--- Data to process ---
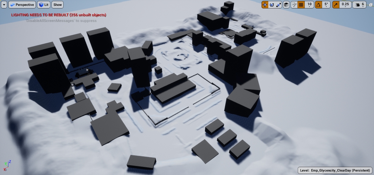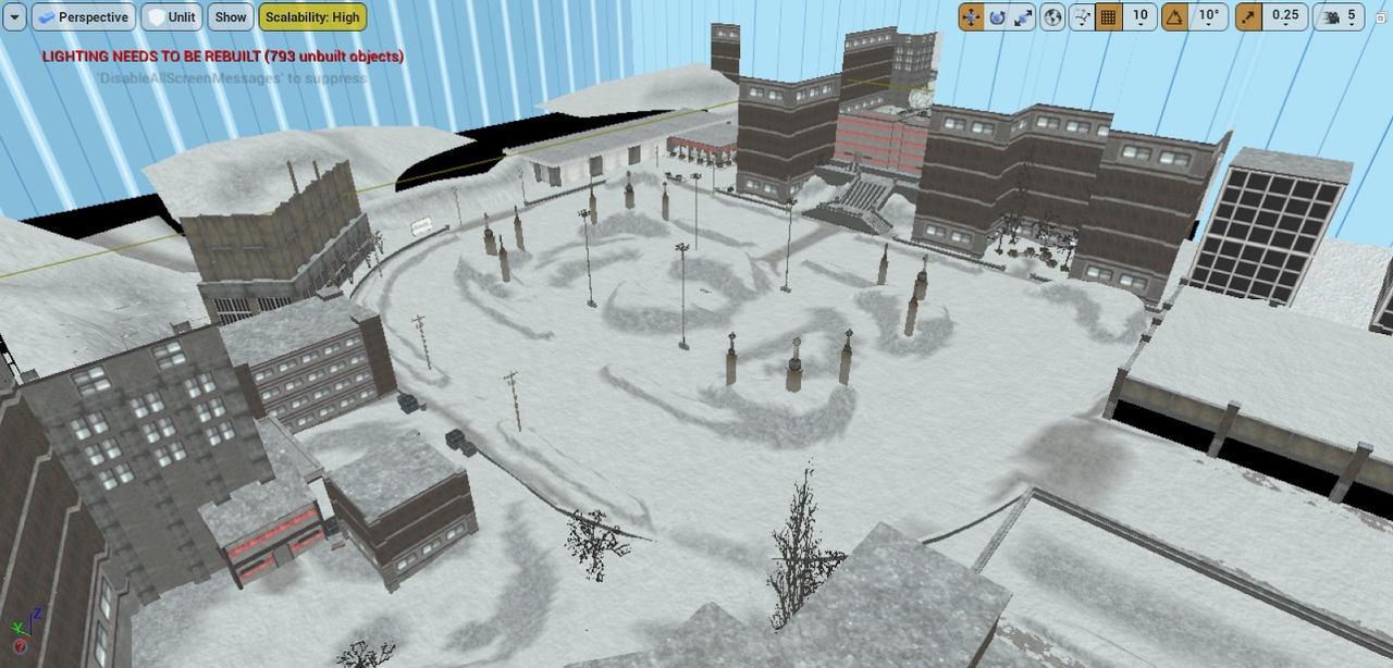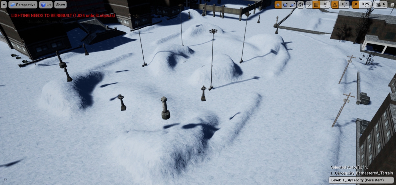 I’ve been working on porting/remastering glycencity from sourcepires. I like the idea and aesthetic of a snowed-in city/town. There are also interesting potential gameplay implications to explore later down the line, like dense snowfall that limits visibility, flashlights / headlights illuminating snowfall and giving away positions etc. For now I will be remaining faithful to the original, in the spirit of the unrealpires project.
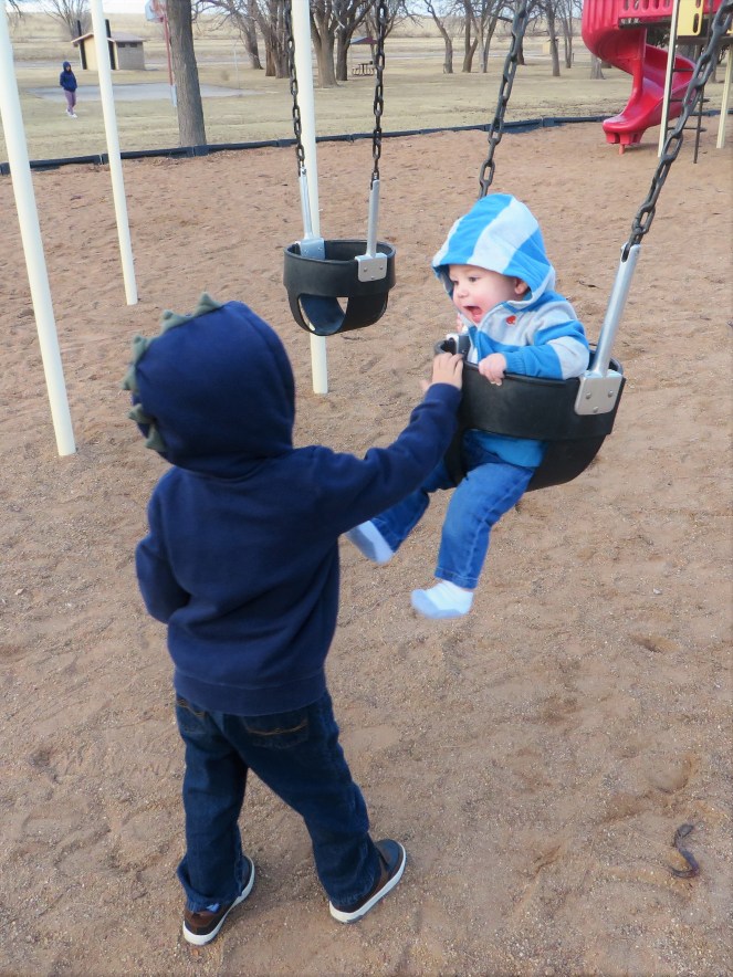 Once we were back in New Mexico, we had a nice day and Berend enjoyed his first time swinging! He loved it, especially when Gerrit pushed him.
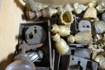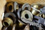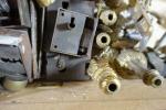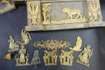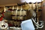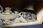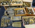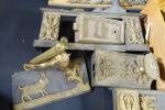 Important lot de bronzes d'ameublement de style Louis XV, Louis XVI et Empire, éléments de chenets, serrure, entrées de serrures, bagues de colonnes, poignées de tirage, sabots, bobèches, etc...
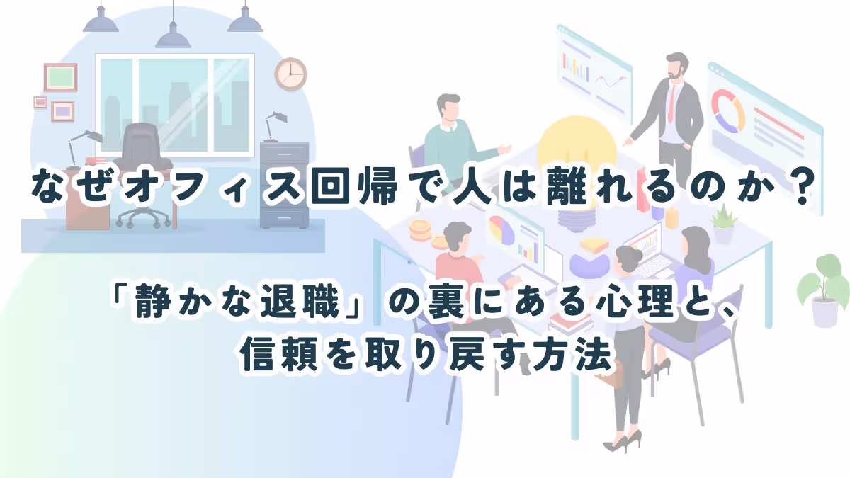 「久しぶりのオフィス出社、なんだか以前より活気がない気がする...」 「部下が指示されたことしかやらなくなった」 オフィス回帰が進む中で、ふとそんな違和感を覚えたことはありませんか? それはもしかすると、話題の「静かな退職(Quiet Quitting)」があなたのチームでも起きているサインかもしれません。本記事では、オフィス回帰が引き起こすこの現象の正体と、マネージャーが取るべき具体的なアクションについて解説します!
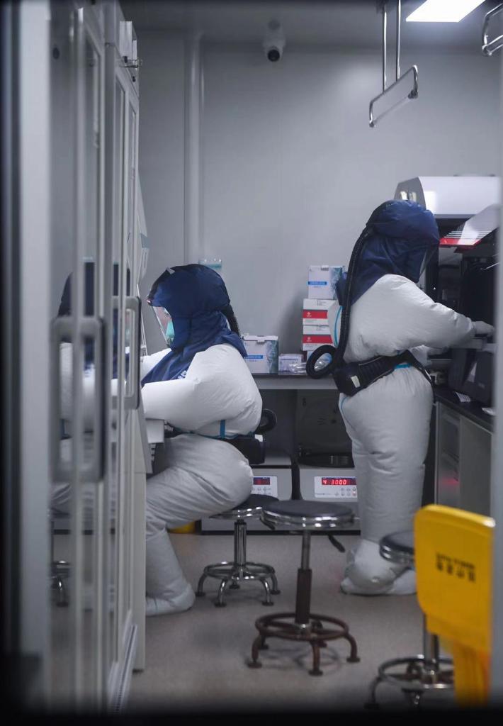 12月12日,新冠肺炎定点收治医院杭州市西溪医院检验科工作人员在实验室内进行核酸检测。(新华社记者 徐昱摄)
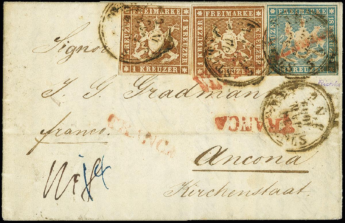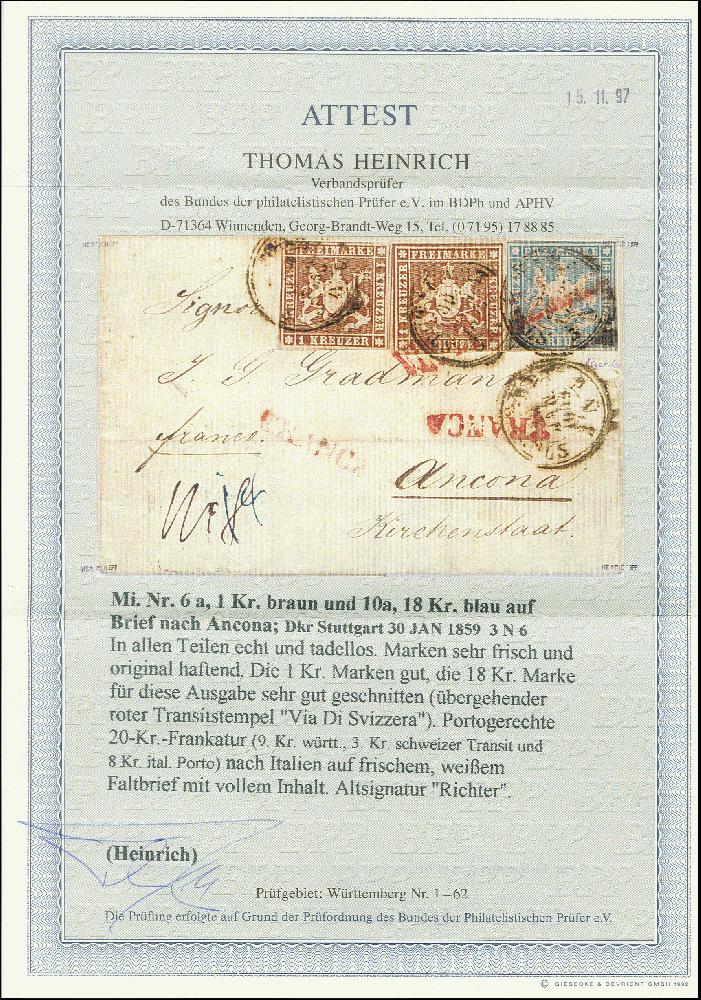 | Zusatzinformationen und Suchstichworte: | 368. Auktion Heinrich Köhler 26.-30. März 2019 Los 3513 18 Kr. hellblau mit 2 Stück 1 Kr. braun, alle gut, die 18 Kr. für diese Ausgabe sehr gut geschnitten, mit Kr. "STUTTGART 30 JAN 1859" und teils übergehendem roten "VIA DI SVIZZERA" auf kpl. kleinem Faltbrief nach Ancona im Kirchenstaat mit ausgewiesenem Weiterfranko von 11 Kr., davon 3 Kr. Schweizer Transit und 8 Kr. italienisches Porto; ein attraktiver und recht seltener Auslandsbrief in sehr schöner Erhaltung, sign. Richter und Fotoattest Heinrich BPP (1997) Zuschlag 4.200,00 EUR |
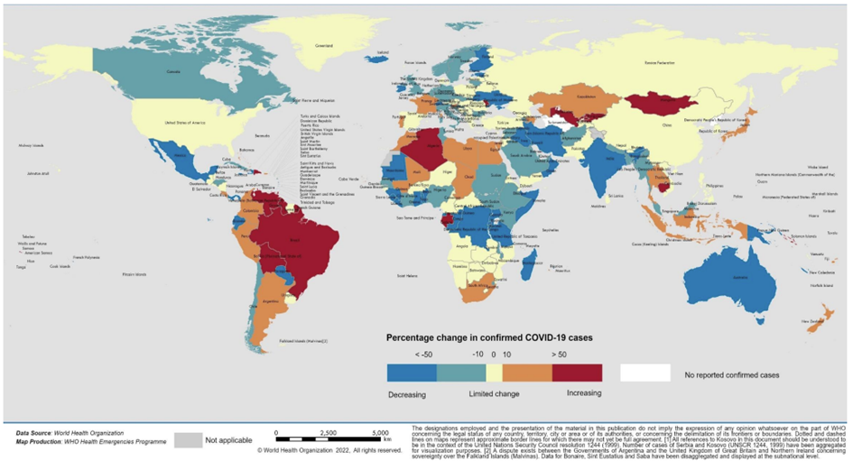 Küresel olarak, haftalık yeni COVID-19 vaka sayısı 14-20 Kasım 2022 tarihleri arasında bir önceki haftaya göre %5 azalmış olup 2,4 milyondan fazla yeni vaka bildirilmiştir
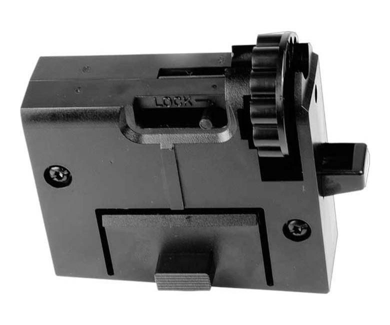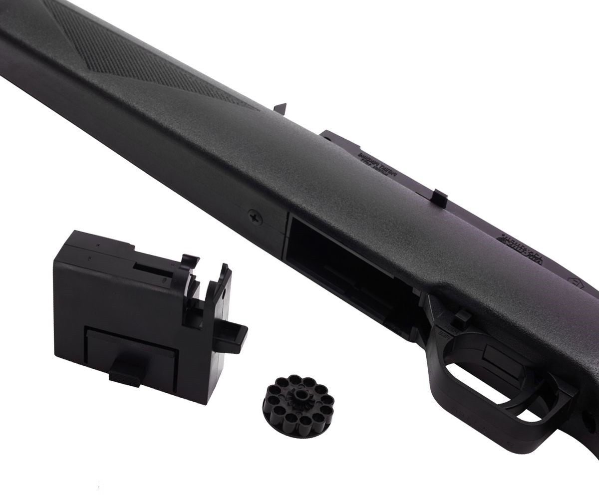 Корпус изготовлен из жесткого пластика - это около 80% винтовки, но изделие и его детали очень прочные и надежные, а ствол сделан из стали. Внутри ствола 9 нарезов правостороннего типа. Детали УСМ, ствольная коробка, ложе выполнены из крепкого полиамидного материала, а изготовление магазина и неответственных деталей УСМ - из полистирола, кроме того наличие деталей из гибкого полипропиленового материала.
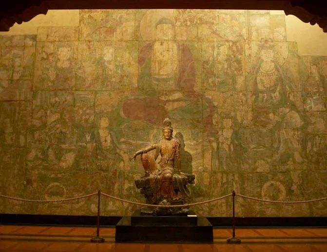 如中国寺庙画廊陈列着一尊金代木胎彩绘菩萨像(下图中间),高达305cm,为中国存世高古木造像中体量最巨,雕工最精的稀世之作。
---
◆ **Task item**: Could the data above be returned in full, exactly, with every image left out?

◆ **Final answer**:
 I’ve been working on porting/remastering glycencity from sourcepires. I like the idea and aesthetic of a snowed-in city/town. There are also interesting potential gameplay implications to explore later down the line, like dense snowfall that limits visibility, flashlights / headlights illuminating snowfall and giving away positions etc. For now I will be remaining faithful to the original, in the spirit of the unrealpires project.
 Once we were back in New Mexico, we had a nice day and Berend enjoyed his first time swinging! He loved it, especially when Gerrit pushed him.
 Important lot de bronzes d'ameublement de style Louis XV, Louis XVI et Empire, éléments de chenets, serrure, entrées de serrures, bagues de colonnes, poignées de tirage, sabots, bobèches, etc...
 「久しぶりのオフィス出社、なんだか以前より活気がない気がする...」 「部下が指示されたことしかやらなくなった」 オフィス回帰が進む中で、ふとそんな違和感を覚えたことはありませんか? それはもしかすると、話題の「静かな退職(Quiet Quitting)」があなたのチームでも起きているサインかもしれません。本記事では、オフィス回帰が引き起こすこの現象の正体と、マネージャーが取るべき具体的なアクションについて解説します!
 12月12日,新冠肺炎定点收治医院杭州市西溪医院检验科工作人员在实验室内进行核酸检测。(新华社记者 徐昱摄)
 | Zusatzinformationen und Suchstichworte: | 368. Auktion Heinrich Köhler 26.-30. März 2019 Los 3513 18 Kr. hellblau mit 2 Stück 1 Kr. braun, alle gut, die 18 Kr. für diese Ausgabe sehr gut geschnitten, mit Kr. "STUTTGART 30 JAN 1859" und teils übergehendem roten "VIA DI SVIZZERA" auf kpl. kleinem Faltbrief nach Ancona im Kirchenstaat mit ausgewiesenem Weiterfranko von 11 Kr., davon 3 Kr. Schweizer Transit und 8 Kr. italienisches Porto; ein attraktiver und recht seltener Auslandsbrief in sehr schöner Erhaltung, sign. Richter und Fotoattest Heinrich BPP (1997) Zuschlag 4.200,00 EUR |
 Küresel olarak, haftalık yeni COVID-19 vaka sayısı 14-20 Kasım 2022 tarihleri arasında bir önceki haftaya göre %5 azalmış olup 2,4 milyondan fazla yeni vaka bildirilmiştir
 Корпус изготовлен из жесткого пластика - это около 80% винтовки, но изделие и его детали очень прочные и надежные, а ствол сделан из стали. Внутри ствола 9 нарезов правостороннего типа. Детали УСМ, ствольная коробка, ложе выполнены из крепкого полиамидного материала, а изготовление магазина и неответственных деталей УСМ - из полистирола, кроме того наличие деталей из гибкого полипропиленового материала.
 如中国寺庙画廊陈列着一尊金代木胎彩绘菩萨像(下图中间),高达305cm,为中国存世高古木造像中体量最巨,雕工最精的稀世之作。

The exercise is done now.